### What needs to be done:
From the material below, set down exactly the lines that run from the one containing "Curved TV Stand" to the one containing "黒毛和牛のもも肉の中で比較的", minus the pictures.

### Information provided:
■ ■ ■

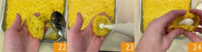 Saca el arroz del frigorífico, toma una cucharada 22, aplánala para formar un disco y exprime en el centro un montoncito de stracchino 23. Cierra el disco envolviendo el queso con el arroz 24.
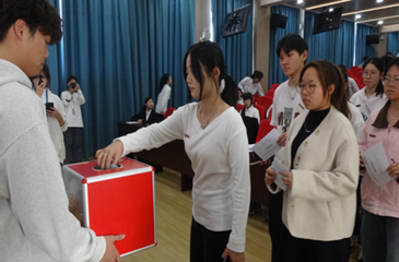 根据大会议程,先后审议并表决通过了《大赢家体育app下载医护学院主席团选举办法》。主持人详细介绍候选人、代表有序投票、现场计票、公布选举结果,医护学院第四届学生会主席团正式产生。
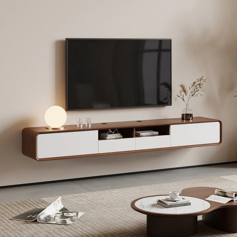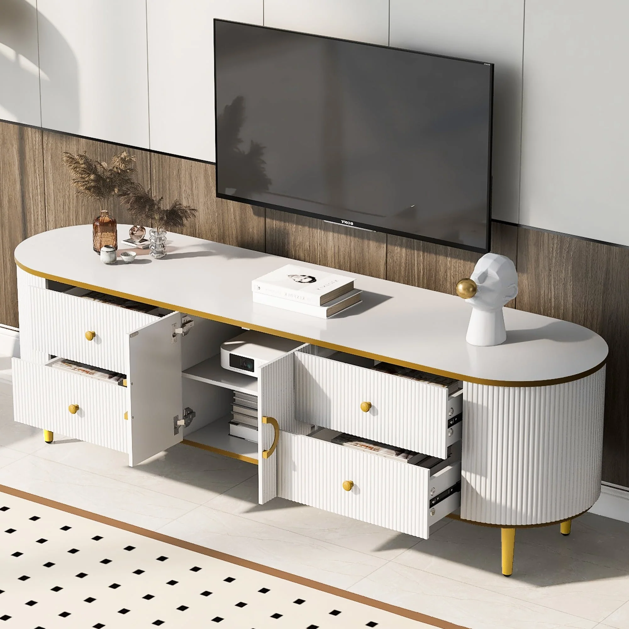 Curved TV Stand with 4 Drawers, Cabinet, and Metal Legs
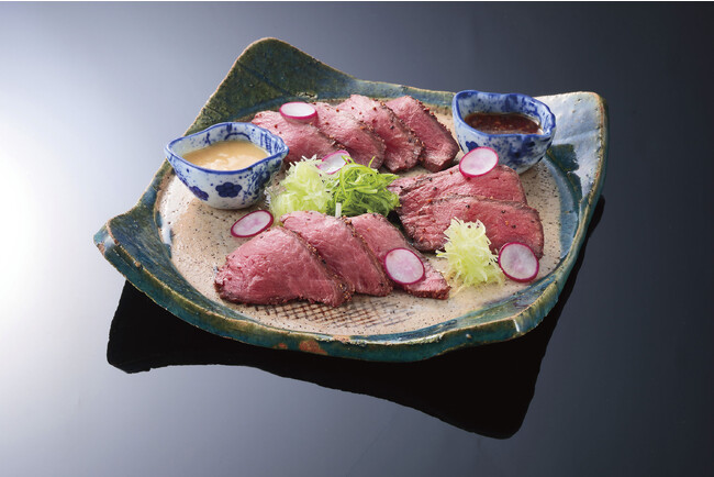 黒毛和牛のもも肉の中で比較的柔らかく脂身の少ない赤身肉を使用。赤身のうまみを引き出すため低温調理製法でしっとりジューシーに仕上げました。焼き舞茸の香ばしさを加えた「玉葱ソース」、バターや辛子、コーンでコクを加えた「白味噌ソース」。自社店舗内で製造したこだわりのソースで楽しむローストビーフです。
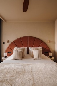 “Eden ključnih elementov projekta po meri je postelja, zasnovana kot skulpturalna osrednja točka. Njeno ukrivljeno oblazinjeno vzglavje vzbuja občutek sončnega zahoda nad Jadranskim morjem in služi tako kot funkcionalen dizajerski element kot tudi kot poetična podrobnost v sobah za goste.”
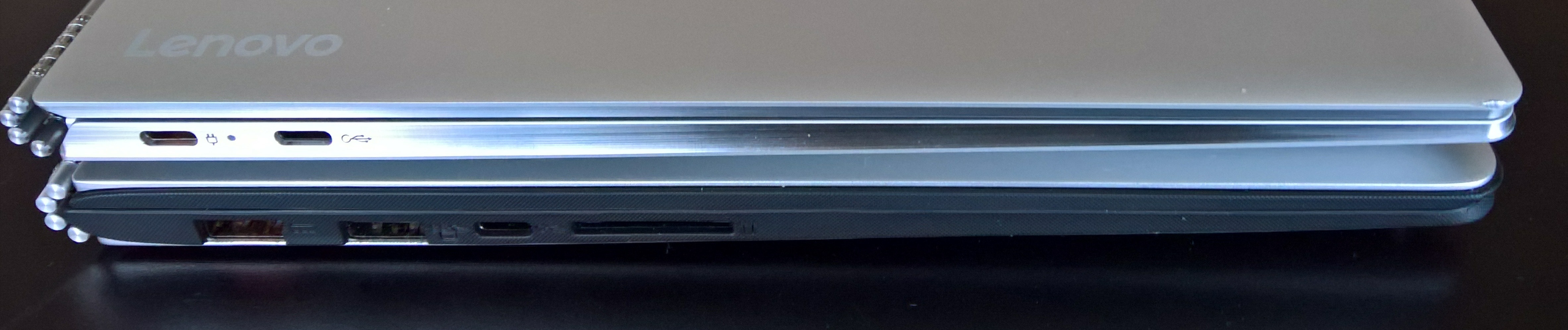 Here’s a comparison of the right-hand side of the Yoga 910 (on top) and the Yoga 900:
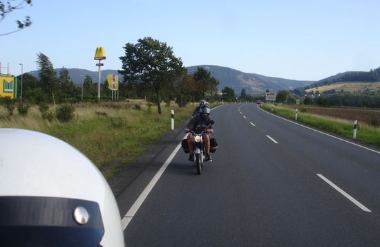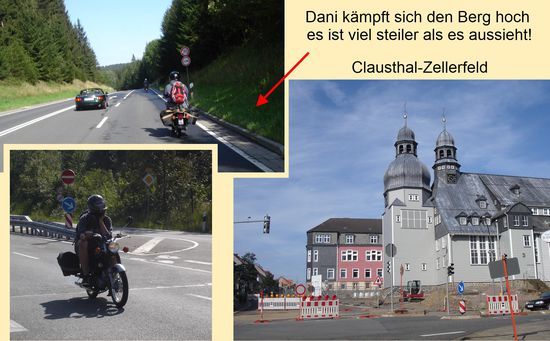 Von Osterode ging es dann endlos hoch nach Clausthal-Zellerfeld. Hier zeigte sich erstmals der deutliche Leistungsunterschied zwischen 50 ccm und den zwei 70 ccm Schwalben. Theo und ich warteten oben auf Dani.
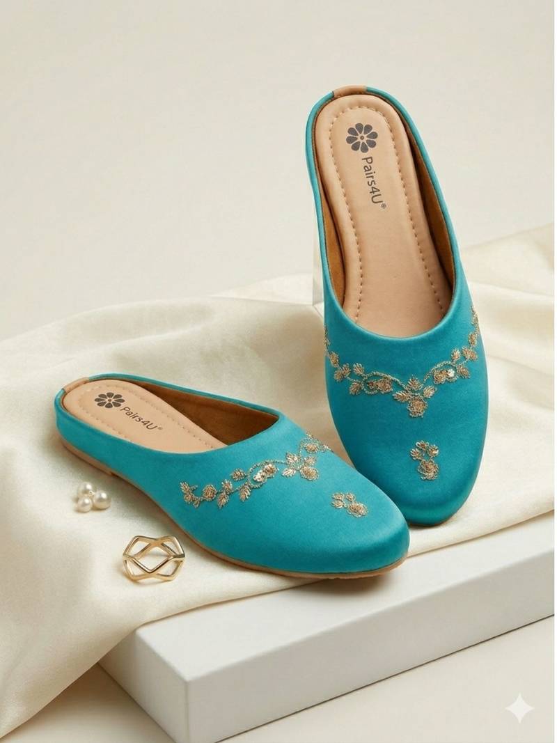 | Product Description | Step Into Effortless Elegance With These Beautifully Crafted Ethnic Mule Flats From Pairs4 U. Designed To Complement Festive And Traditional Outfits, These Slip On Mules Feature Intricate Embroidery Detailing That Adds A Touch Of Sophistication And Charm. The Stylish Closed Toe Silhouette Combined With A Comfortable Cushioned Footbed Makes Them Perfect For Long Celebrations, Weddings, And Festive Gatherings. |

■ ■ ■

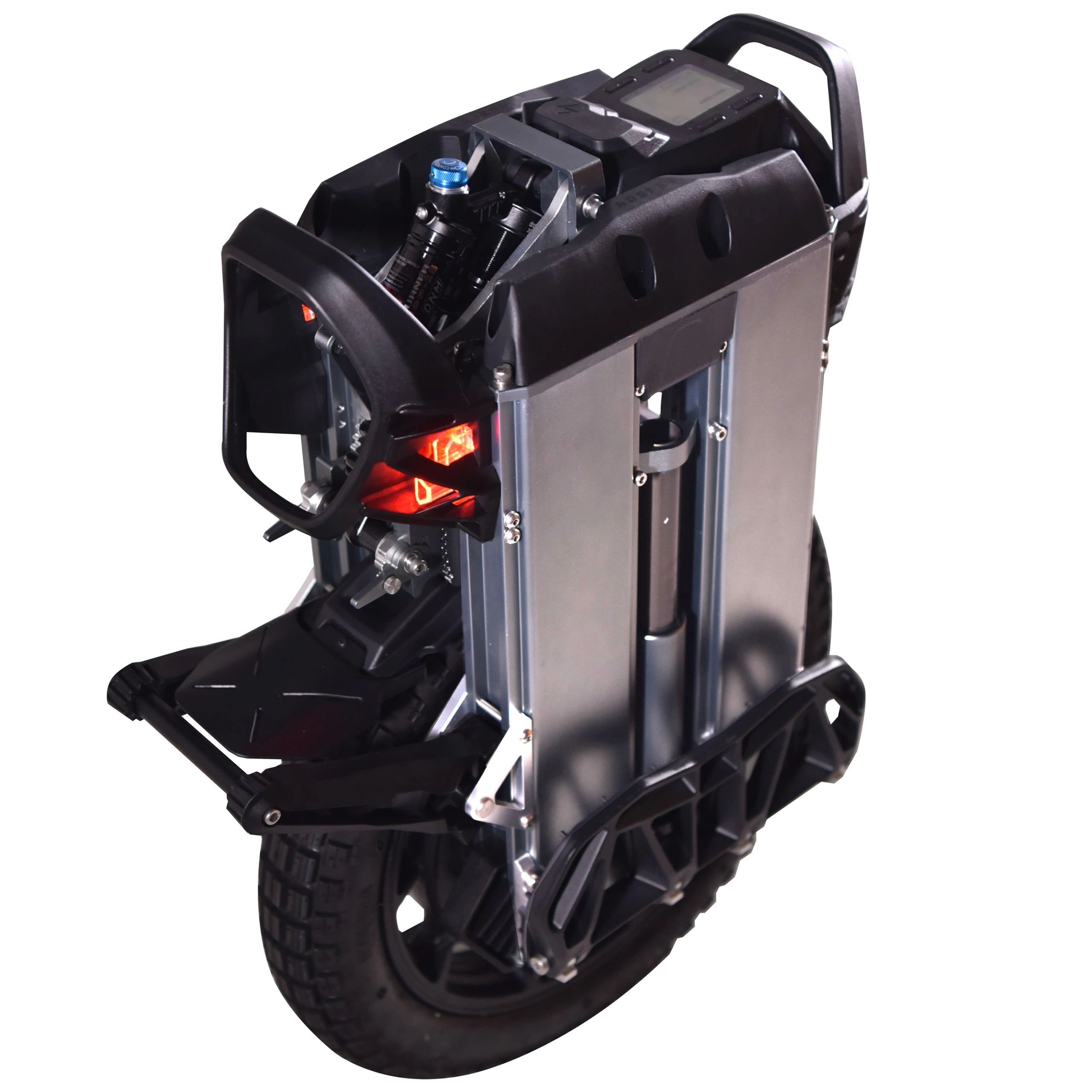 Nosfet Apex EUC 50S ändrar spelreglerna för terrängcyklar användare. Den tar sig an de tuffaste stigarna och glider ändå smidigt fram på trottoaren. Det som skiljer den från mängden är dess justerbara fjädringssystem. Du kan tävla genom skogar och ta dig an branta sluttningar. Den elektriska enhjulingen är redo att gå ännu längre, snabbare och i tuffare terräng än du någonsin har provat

■ ■ ■

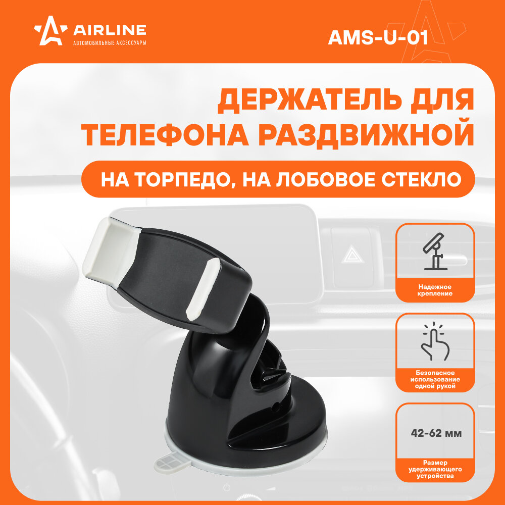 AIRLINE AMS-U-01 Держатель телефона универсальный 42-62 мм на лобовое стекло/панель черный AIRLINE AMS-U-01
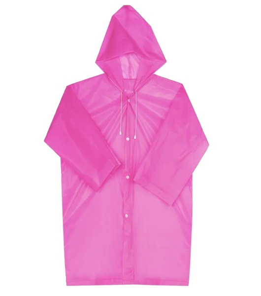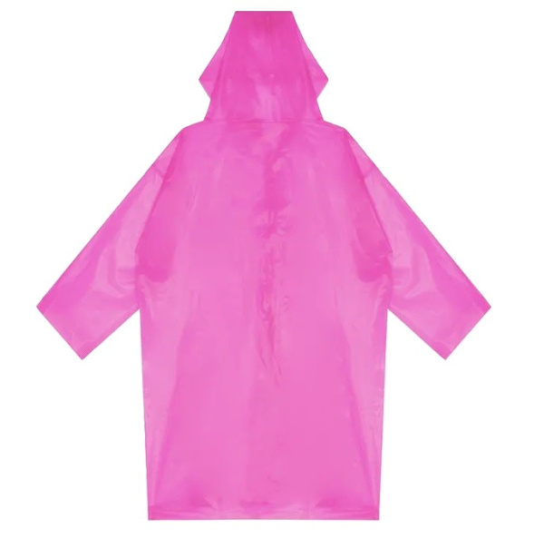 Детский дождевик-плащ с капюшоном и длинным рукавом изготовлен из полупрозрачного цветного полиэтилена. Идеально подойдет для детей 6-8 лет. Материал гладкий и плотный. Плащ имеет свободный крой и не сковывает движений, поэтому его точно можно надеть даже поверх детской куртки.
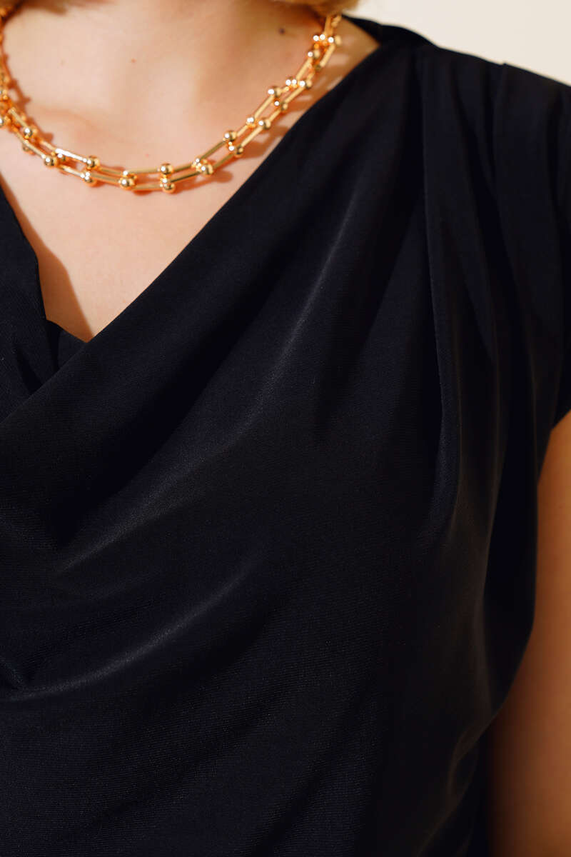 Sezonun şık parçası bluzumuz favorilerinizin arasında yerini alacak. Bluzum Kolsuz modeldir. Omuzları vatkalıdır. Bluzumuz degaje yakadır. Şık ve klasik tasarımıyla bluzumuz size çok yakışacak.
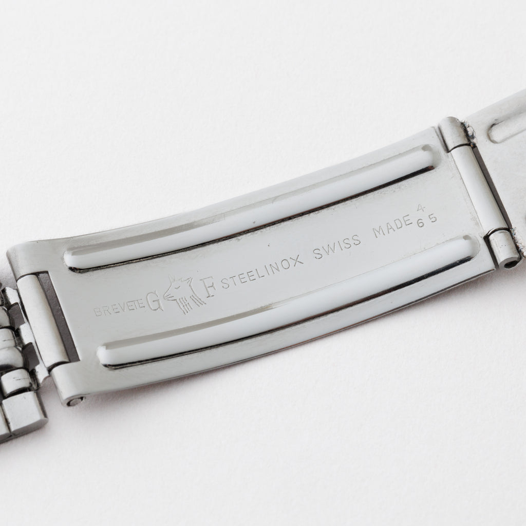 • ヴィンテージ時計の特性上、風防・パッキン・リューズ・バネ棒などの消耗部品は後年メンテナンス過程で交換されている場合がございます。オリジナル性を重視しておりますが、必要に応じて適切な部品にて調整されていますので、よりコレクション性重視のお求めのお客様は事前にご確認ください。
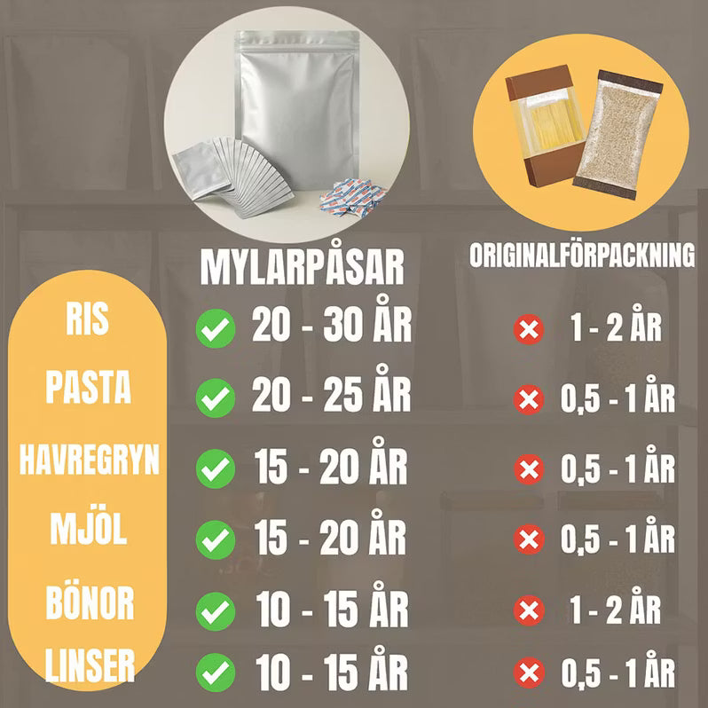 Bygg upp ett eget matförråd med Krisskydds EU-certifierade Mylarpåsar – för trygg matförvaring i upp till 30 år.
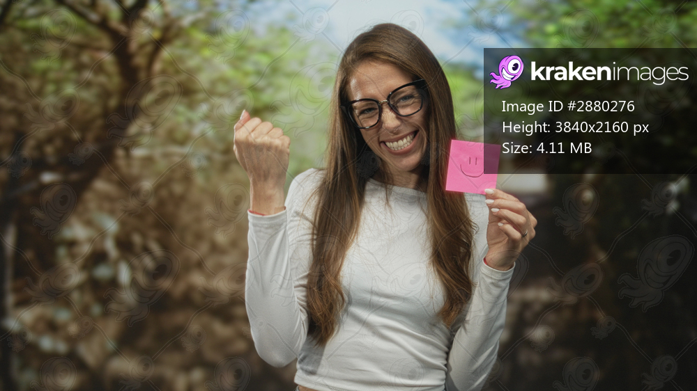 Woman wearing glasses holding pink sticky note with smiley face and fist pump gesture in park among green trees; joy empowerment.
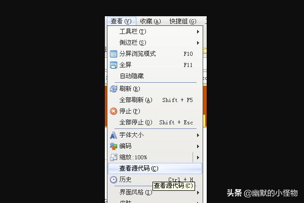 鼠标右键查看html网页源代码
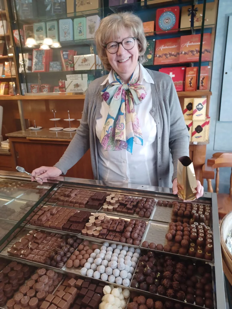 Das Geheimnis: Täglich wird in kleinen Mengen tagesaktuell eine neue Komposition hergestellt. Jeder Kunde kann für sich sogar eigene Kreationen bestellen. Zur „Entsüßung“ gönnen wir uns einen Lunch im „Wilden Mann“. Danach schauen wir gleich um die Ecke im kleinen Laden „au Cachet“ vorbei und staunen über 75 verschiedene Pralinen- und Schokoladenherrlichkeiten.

■ ■ ■

### The answer:
 Curved TV Stand with 4 Drawers, Cabinet, and Metal Legs
 黒毛和牛のもも肉の中で比較的柔らかく脂身の少ない赤身肉を使用。赤身のうまみを引き出すため低温調理製法でしっとりジューシーに仕上げました。焼き舞茸の香ばしさを加えた「玉葱ソース」、バターや辛子、コーンでコクを加えた「白味噌ソース」。自社店舗内で製造したこだわりのソースで楽しむローストビーフです。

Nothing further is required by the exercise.